The SMART assay mutation data for the four other genes KRAS, BRAF, and ALK were then combined with the EGFR mutation data to give an overall perspective of the nature and frequency of mutations present in the 154 NSCLC specimens in relation to histologic type and stage of NSCLC. A total of 118 mutations were detected in the 154 samples. EGFR mutations (68, 44.2%) were the most frequent followed by mutations in KRAS (29, 18.8%), ALK (12, 7.8%), and BRAF (9, 5.8%).
Discussion
Here, mutations in the EGFR, KRAS, BRAF, TP53, and ALK genes using the validated single allelic molecule counting assay revealed highly heterogeneous tumor mutation profiles regardless of disease stage of NSCLC. The incidence and nature of the mutations detected in these four oncogenes were similar to that previously reported in other NSCLC patient cohorts.17,31,32 EGFR tyrosine-activating mutations L858R and the E19 del were the most prevalent mutations. Although many NSCLC biopsies had a single mutation event, some did contain more than one, consisting with previous studies.17,31,32 Moreover, there were oncogenic mutation(s) associated with histologic pathology type or stage of NSCLC. Thus, our findings support that random mutations are common in NSCLC.
In this study, we showed that the SMART assay was very accurate for measuring levels of common EGFR variants. Specifically, the SMART assay was highly sensitive and specific for detection of the EGFR mutations. Since “false negatives” E19 del were independently confirmed as a true negatives, re-adjustment of the concordance data for EGFR mutation detection may be applied in future study.
This study provides several advantages of the SMART assay for detecting patient-specific oncogenic mutations in NSCLC. First, the multiplex design allowed analyzing EGFR, KRAS, BRAF, and ALK mutations in a single assay. Therefore, it should be possible to design additional primers to target the relevant hot spot mutations in genes other than EGFR, KRAS, BRAF, and ALK mutations and develop an even more comprehensive SMART assay that covers all known oncogenic driver mutations associated with NSCLC. Second, the ability to quantitate the level of each mutation down to very low levels provides valuable clinical information about the penetrance of the mutation in each tissue specimen and what proportion of tumor cells could be potentially targeted by drug therapies. Third, with the emergence of promising reports showing the ability to detect oncogenic mutations in the circulating plasma DNA of NSCLC patients, the SMART assay may be emerging as a useful diagnostic tool for broad oncogenic mutation surveillance of plasma in response to chemotherapy.
Broad surveillance of mutations has confirmed a high degree of heterogeneity in the mutation status of NSCLC patients. We found that many tumor specimens had a single mutation.

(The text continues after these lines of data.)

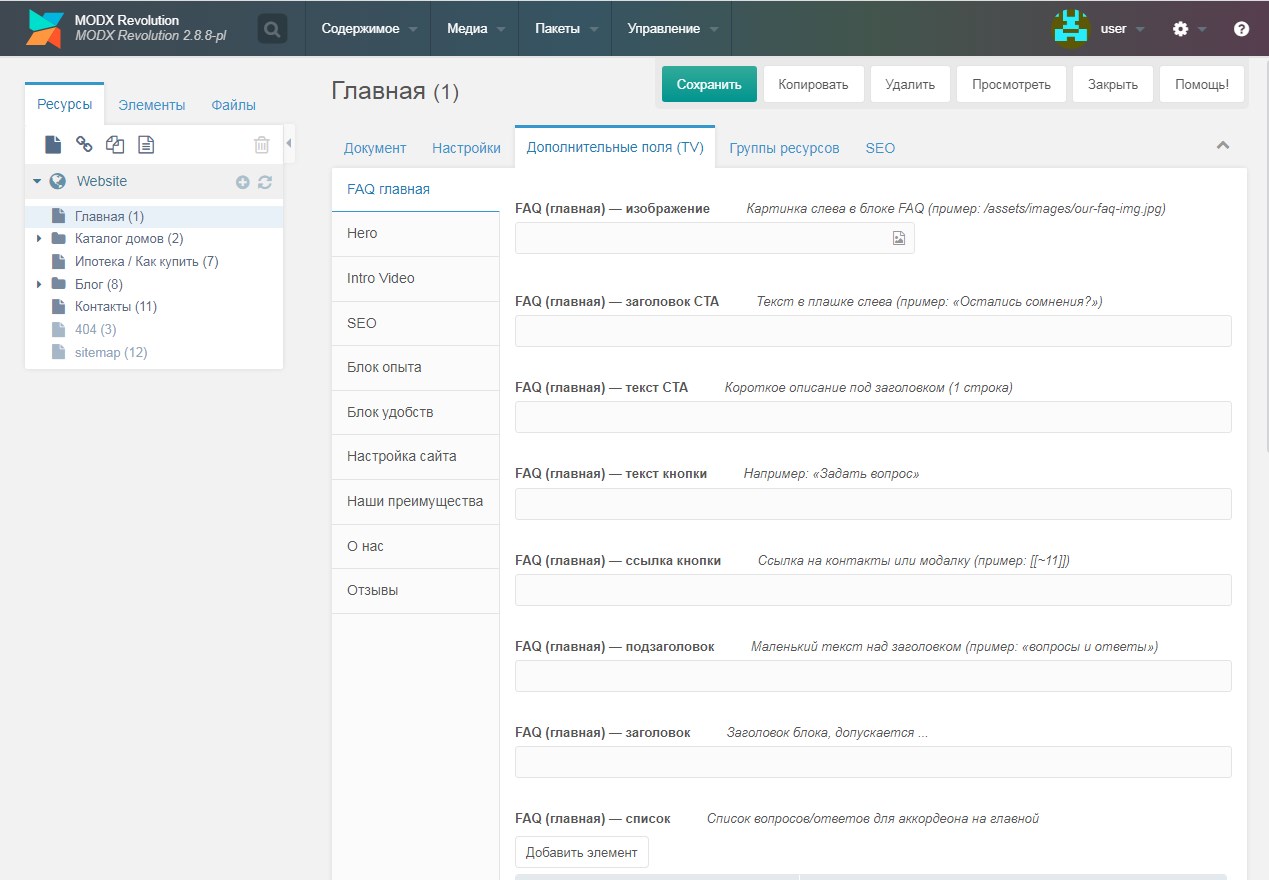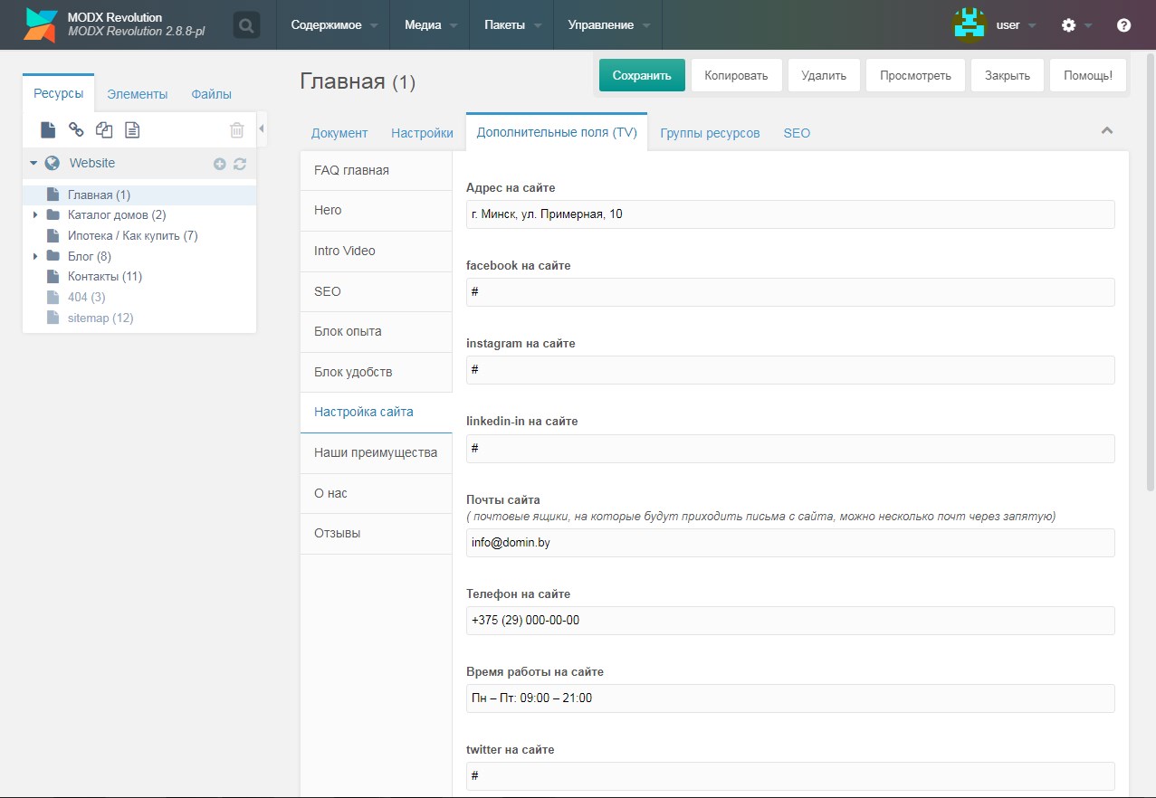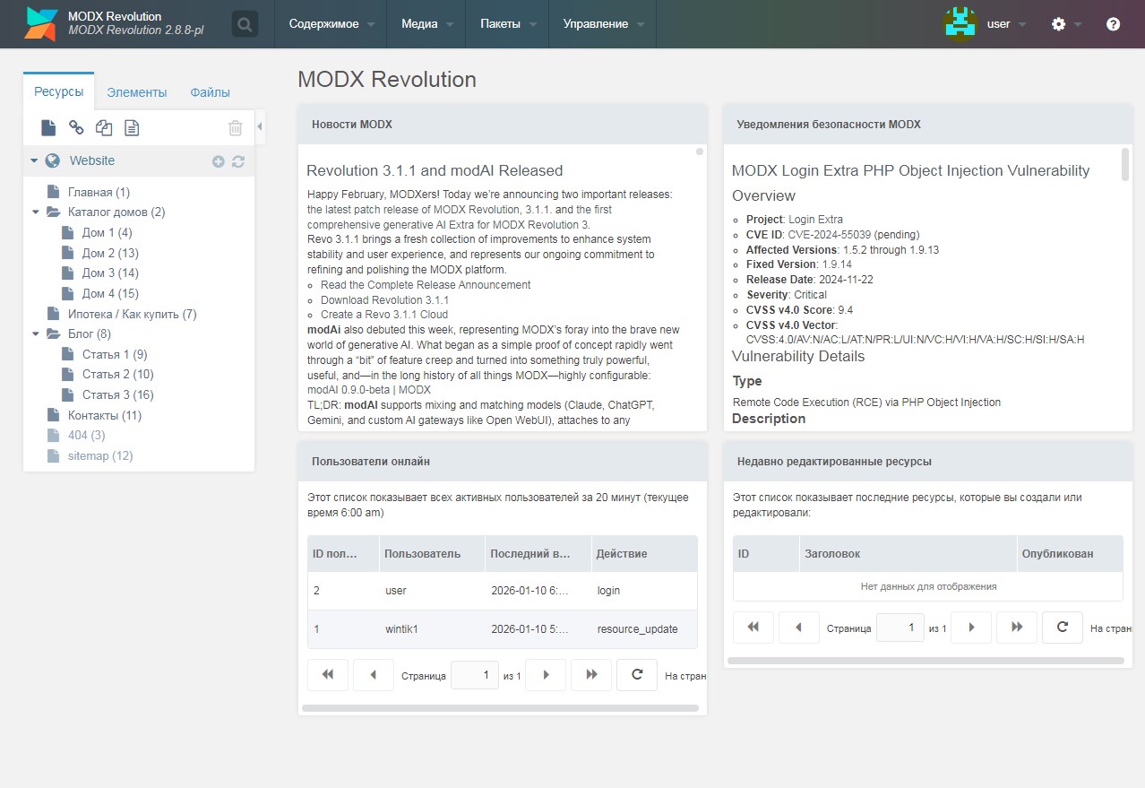 Это не просто набор файлов — это полностью готовый сайт на MODX.
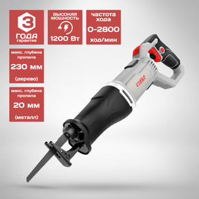 Ставр ПС-1200Р Пила сабельная 1200Вт, 0-2800ход/мин, ход 29мм. поворотная рукоятка, кабель 3м
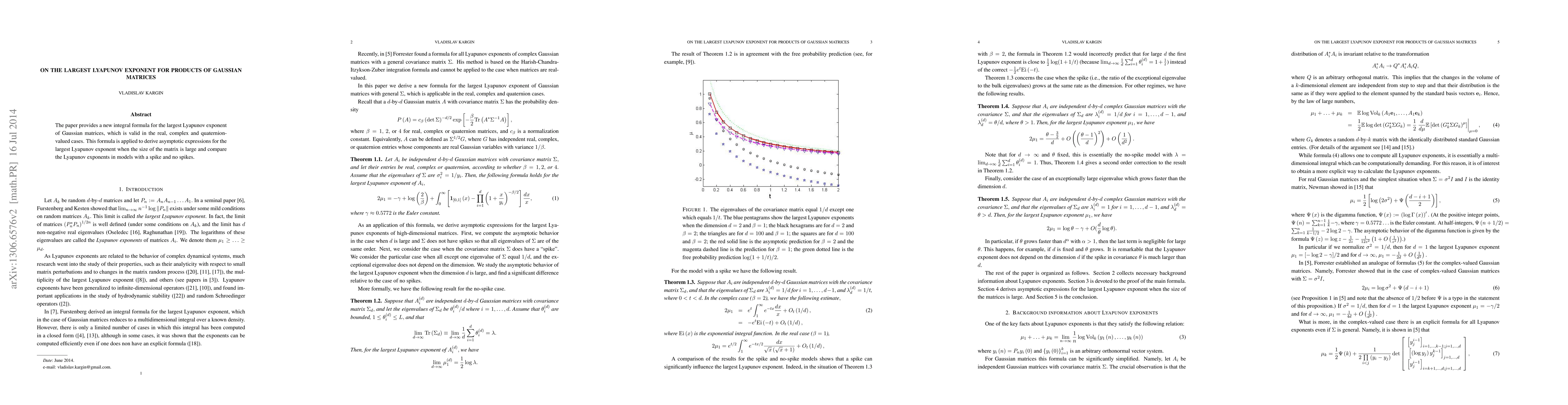 The paper introduces a new integral formula for the largest Lyapunov exponent of Gaussian matrices, applicable across real, complex, and quaternion-valued cases, and uses it to derive asymptotic expressions for large matrices and compare exponents in spiked and non-spiked models.

Interestingly, the single mutation was highly variable in tumor specimens from patients with stage I, II, III, or IV NSCLC, suggesting that either each mutation might occur independently. Further single cell genetic studies may help to identify the genetic constitution of tumor specimens with different spectrums and levels of oncogenic mutations. These observations revealed by SMART assay analysis of tumor specimens highlight the importance of obtaining a personalized mutation profile for all newly diagnosed patients to guide the clinician on the most effective drug therapy to target tumors with a known mutation load.
Footnotes
Declaration of conflicting interests
The author(s) declared no potential conflicts of interest with respect to the research, authorship, and/or publication of this article.
Funding
The author(s) received no financial support for the research, authorship, and/or publication of this article.